** Opening Source material block **
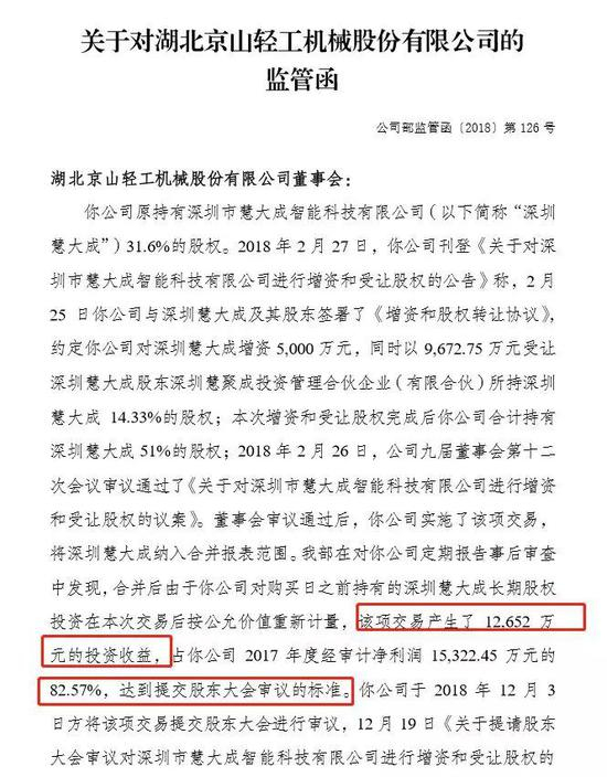 这次是谢杏平在公司董秘任上,京山轻机领到的第四张监管函。最近一次是2018年12月,公司在2018年2月时,通过增资和受让股权形式完成了对深圳慧大成51%的控股权。合并后由于京山轻机对购买日之前已经持有的深圳慧大成长期股权投资在合并报表后按公允价值重新计量,该项交易产生了1.27亿元的投资收益,占公司2017年度经审计净利润的82.57%,达到提交股东大会审议的标准,公司没有及时提交股东大会审议就完成了并表。
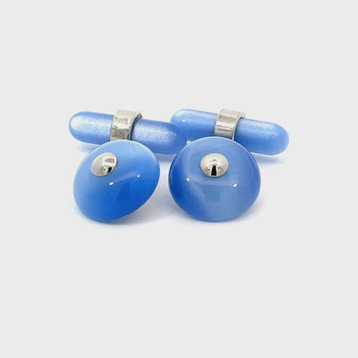 This pair of chain-fitting cufflinks feature a blue Catseye button with a silver colour, finished in high-quality rhodium plating. Whether accentuating a formal ensemble or adding refined detail to your attire, the Oracle Blue Cufflinks with Chain is the epitome of refined style, making a statement that is both classic and cutting-edge.
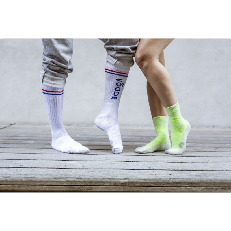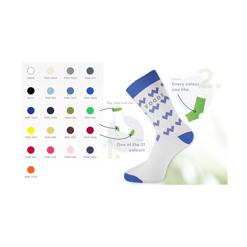 Chaussettes confortables de Vodde fabriquées selon un processus de fabrication basé à 100% sur l'économie circulaire. Ces chaussettes sont composées à 53% de coton recyclé (à partir de morceaux de tissus collectés), à 38% de polyester recyclé (à partir de bouteilles en PET collectées), 6% nylon et à 3% d'élasthanne. Design tricoté et personnalisé inclus. Toutes les chaussettes Vodde sont fournies en par paires avec une étiquette, qui peut être imprimée dans votre propre design en couleur. Vous pouvez ainsi concevoir vos propres chaussettes et elles correspondront parfaitement à n'importe quelle identité d'entreprise. Ces chaussettes fines de qualité, conçues pour un usage quotidien, s'associent parfaitement à une tenue décontractée. Disponibles en tailles M (36-40) et L (41-46). • Quantité minimale de commande : 100 paires de chaussettes par taille. Quantité minimale au total : 200 paires de chaussettes. • En option : Livré par paires dans une boîte (personnalisée) en carton recyclé - possible à partir de 1200 paires de chaussettes. • En portant ces chaussettes, vous contribuez à un monde durable moins pollué. Développé et testé aux Pays-Bas. Fabriqué dans l'UE. • La base des chaussettes est faite de fil recyclé et est proposée dans une couleur standard. Vous pouvez choisir parmi 21 couleurs standard de fil recyclé. Tout motif de la base, de la manchette, du talon et de la pointe peut être réalisé dans la couleur de votre choix. • La société néerlandaise Vodde réutilise des textiles mis au rebut pour fabriquer de nouveaux produits conçus par des créateurs néerlandais. Vodde fabrique son fil à partir de coton collecté par des "rag farmers" (récupérateurs de chiffons) locaux et à partir de chutes de coupe issus de la production textile dans les pays européens où Vodde fabrique ses propres produits. De plus, des polyesters dérivés de bouteilles en PET, du nylon, des filets de pêche et d'autres déchets collectés sont également utilisés.
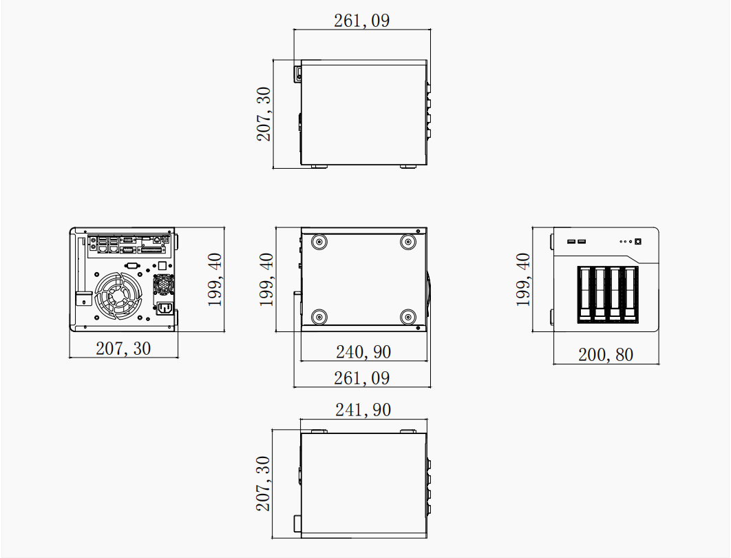 硬 盘:支持4个3.5”和1个2.5”硬盘,内部可扩展1个SSD
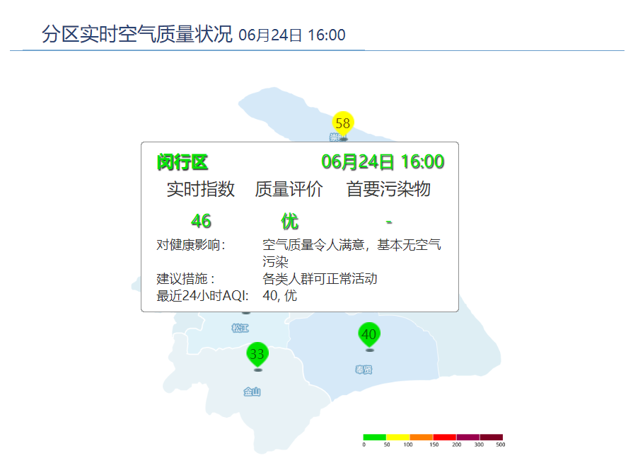6月24日16时,闵行区AQI为46,优。6月23日AQI为28,优。据上海市环境监测中心预报,6月24日夜间优,6月25日上午优至良,6月26日优至良。
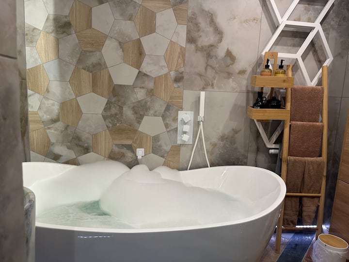 Ორკაციანი ჰიდრომასაჟიანი აუზი, რომელიც იდეალურია ხანგრძლივი დღის შემდეგ დასასვენებლად, უზრუნველყოფს ნეტარი დასვენების მომენტებს.
** Closing Source material block **
**Problem requirements**
Give back all of the material exactly, though without the images it contains.

**Answer area**
 这次是谢杏平在公司董秘任上,京山轻机领到的第四张监管函。最近一次是2018年12月,公司在2018年2月时,通过增资和受让股权形式完成了对深圳慧大成51%的控股权。合并后由于京山轻机对购买日之前已经持有的深圳慧大成长期股权投资在合并报表后按公允价值重新计量,该项交易产生了1.27亿元的投资收益,占公司2017年度经审计净利润的82.57%,达到提交股东大会审议的标准,公司没有及时提交股东大会审议就完成了并表。
 This pair of chain-fitting cufflinks feature a blue Catseye button with a silver colour, finished in high-quality rhodium plating. Whether accentuating a formal ensemble or adding refined detail to your attire, the Oracle Blue Cufflinks with Chain is the epitome of refined style, making a statement that is both classic and cutting-edge.
 Chaussettes confortables de Vodde fabriquées selon un processus de fabrication basé à 100% sur l'économie circulaire. Ces chaussettes sont composées à 53% de coton recyclé (à partir de morceaux de tissus collectés), à 38% de polyester recyclé (à partir de bouteilles en PET collectées), 6% nylon et à 3% d'élasthanne. Design tricoté et personnalisé inclus. Toutes les chaussettes Vodde sont fournies en par paires avec une étiquette, qui peut être imprimée dans votre propre design en couleur. Vous pouvez ainsi concevoir vos propres chaussettes et elles correspondront parfaitement à n'importe quelle identité d'entreprise. Ces chaussettes fines de qualité, conçues pour un usage quotidien, s'associent parfaitement à une tenue décontractée. Disponibles en tailles M (36-40) et L (41-46). • Quantité minimale de commande : 100 paires de chaussettes par taille. Quantité minimale au total : 200 paires de chaussettes. • En option : Livré par paires dans une boîte (personnalisée) en carton recyclé - possible à partir de 1200 paires de chaussettes. • En portant ces chaussettes, vous contribuez à un monde durable moins pollué. Développé et testé aux Pays-Bas. Fabriqué dans l'UE. • La base des chaussettes est faite de fil recyclé et est proposée dans une couleur standard. Vous pouvez choisir parmi 21 couleurs standard de fil recyclé. Tout motif de la base, de la manchette, du talon et de la pointe peut être réalisé dans la couleur de votre choix. • La société néerlandaise Vodde réutilise des textiles mis au rebut pour fabriquer de nouveaux produits conçus par des créateurs néerlandais. Vodde fabrique son fil à partir de coton collecté par des "rag farmers" (récupérateurs de chiffons) locaux et à partir de chutes de coupe issus de la production textile dans les pays européens où Vodde fabrique ses propres produits. De plus, des polyesters dérivés de bouteilles en PET, du nylon, des filets de pêche et d'autres déchets collectés sont également utilisés.
 硬 盘:支持4个3.5”和1个2.5”硬盘,内部可扩展1个SSD
6月24日16时,闵行区AQI为46,优。6月23日AQI为28,优。据上海市环境监测中心预报,6月24日夜间优,6月25日上午优至良,6月26日优至良。
 Ორკაციანი ჰიდრომასაჟიანი აუზი, რომელიც იდეალურია ხანგრძლივი დღის შემდეგ დასასვენებლად, უზრუნველყოფს ნეტარი დასვენების მომენტებს.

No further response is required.